* What you should do *
All of the records below are to be printed exactly; the pictures are to be left out.

* Given information *
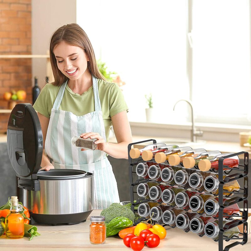 COMPLETE KIT – This spice rack kit comes with 24 jars with a 4-ounce capacity each(1.7 x 1.7 x 4.1 inch), 80 spice labels, a white chalk marker and 1 silicone funnels. This functional seasoning rack can be a great gift for friends.
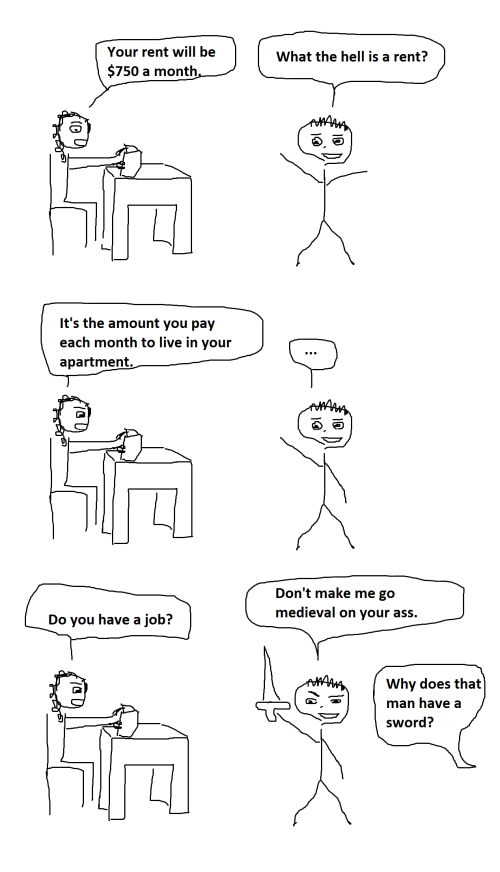 • Real World – Pay bills and rent myself on time by writing a check.  If I only do something once a month, how am I supposed to remember that?  Also, why do we still have checks?  Are you kidding me, banks?  I take a piece of paper with clouds, unicorns, dolphins or whatever printed on it, write any amount I choose, and that is legal tender!?
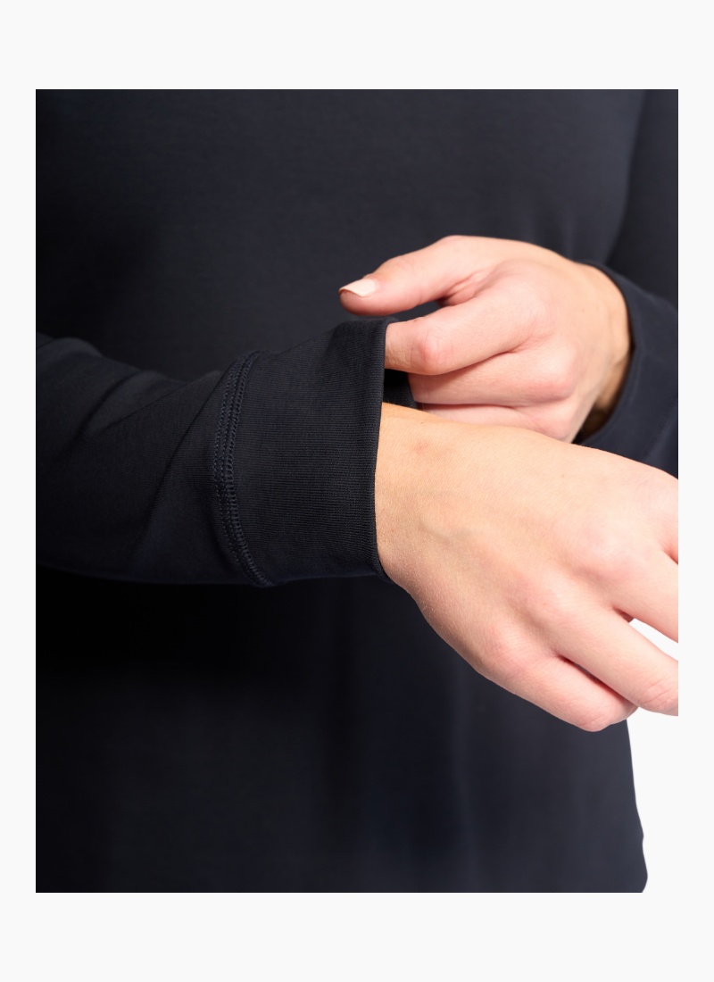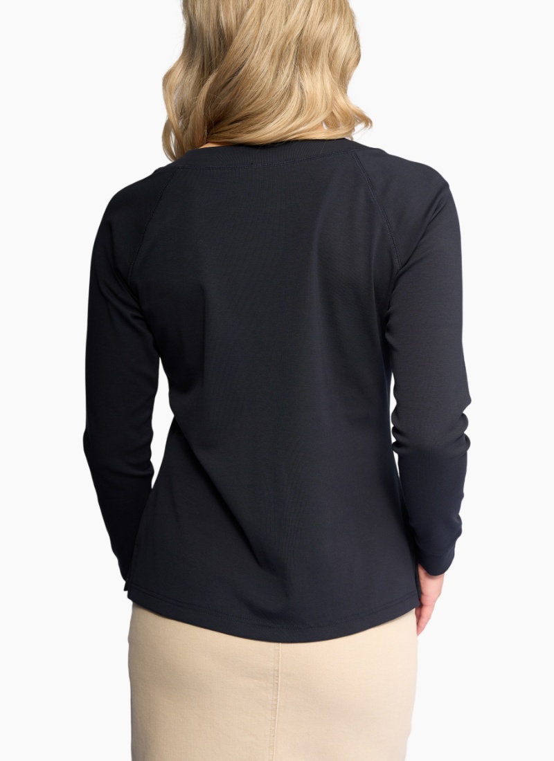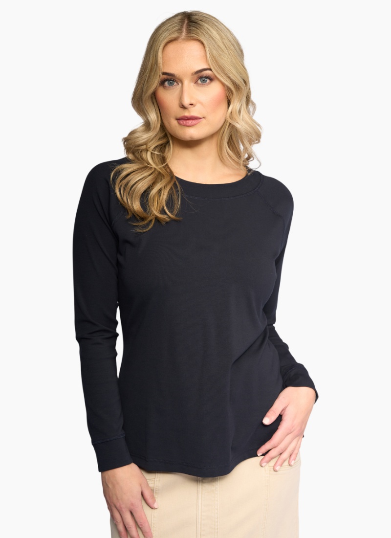 Casual long-sleeve top in soft stretch cotton, designed in our Ink colour — a deep dark navy. A comfortable everyday piece with a round neckline, raglan sleeves, and an easy, relaxed feel.
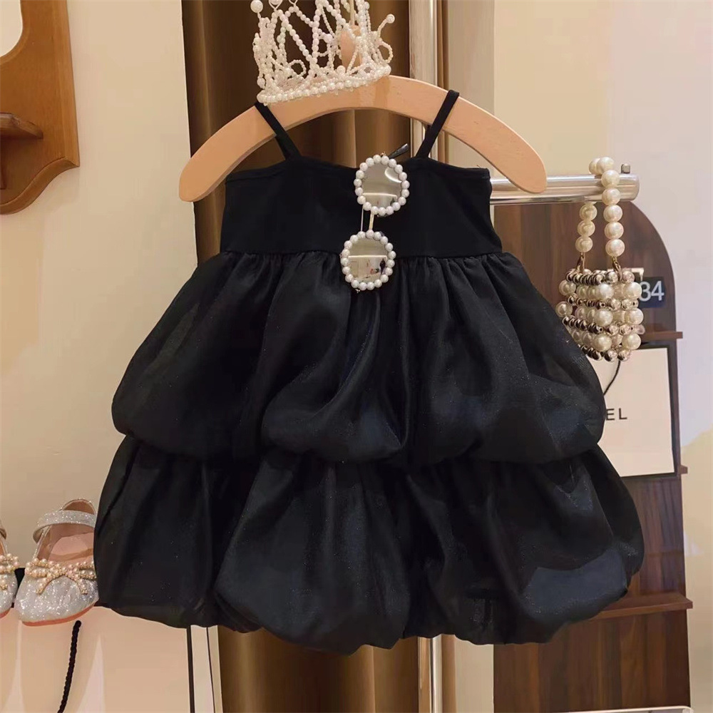 新品女童赫本风纯色气质洋气款吊带花苞蛋糕裙2025夏装连衣裙
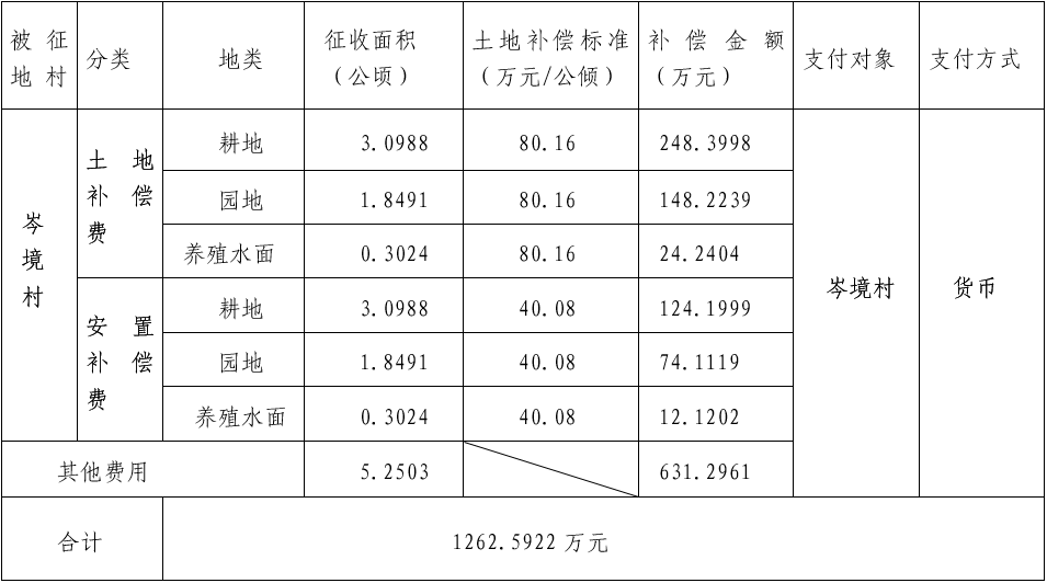 四、征地补偿安置方案:
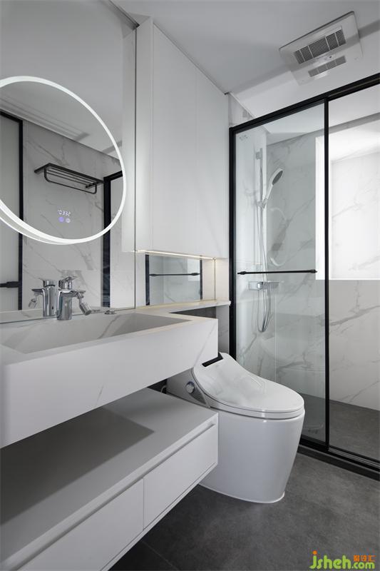 衛(wèi)生間采用白色的潔具搭配白色自然大理石質(zhì)感的墻磚,統(tǒng)一的色調(diào),在視覺上有擴(kuò)大空間效果的作用,整體有一種干凈整潔的感覺。
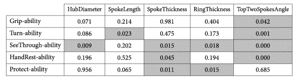 -value is less than 0.05, then there is evidence that the design parameter contributes to the prediction of the affordance quality outcome. The significant values are highlighted in the tables.

* Problem solution *
 COMPLETE KIT – This spice rack kit comes with 24 jars with a 4-ounce capacity each(1.7 x 1.7 x 4.1 inch), 80 spice labels, a white chalk marker and 1 silicone funnels. This functional seasoning rack can be a great gift for friends.
 • Real World – Pay bills and rent myself on time by writing a check.  If I only do something once a month, how am I supposed to remember that?  Also, why do we still have checks?  Are you kidding me, banks?  I take a piece of paper with clouds, unicorns, dolphins or whatever printed on it, write any amount I choose, and that is legal tender!?
 Casual long-sleeve top in soft stretch cotton, designed in our Ink colour — a deep dark navy. A comfortable everyday piece with a round neckline, raglan sleeves, and an easy, relaxed feel.
 新品女童赫本风纯色气质洋气款吊带花苞蛋糕裙2025夏装连衣裙
 四、征地补偿安置方案:
 衛(wèi)生間采用白色的潔具搭配白色自然大理石質(zhì)感的墻磚,統(tǒng)一的色調(diào),在視覺上有擴(kuò)大空間效果的作用,整體有一種干凈整潔的感覺。
 -value is less than 0.05, then there is evidence that the design parameter contributes to the prediction of the affordance quality outcome. The significant values are highlighted in the tables.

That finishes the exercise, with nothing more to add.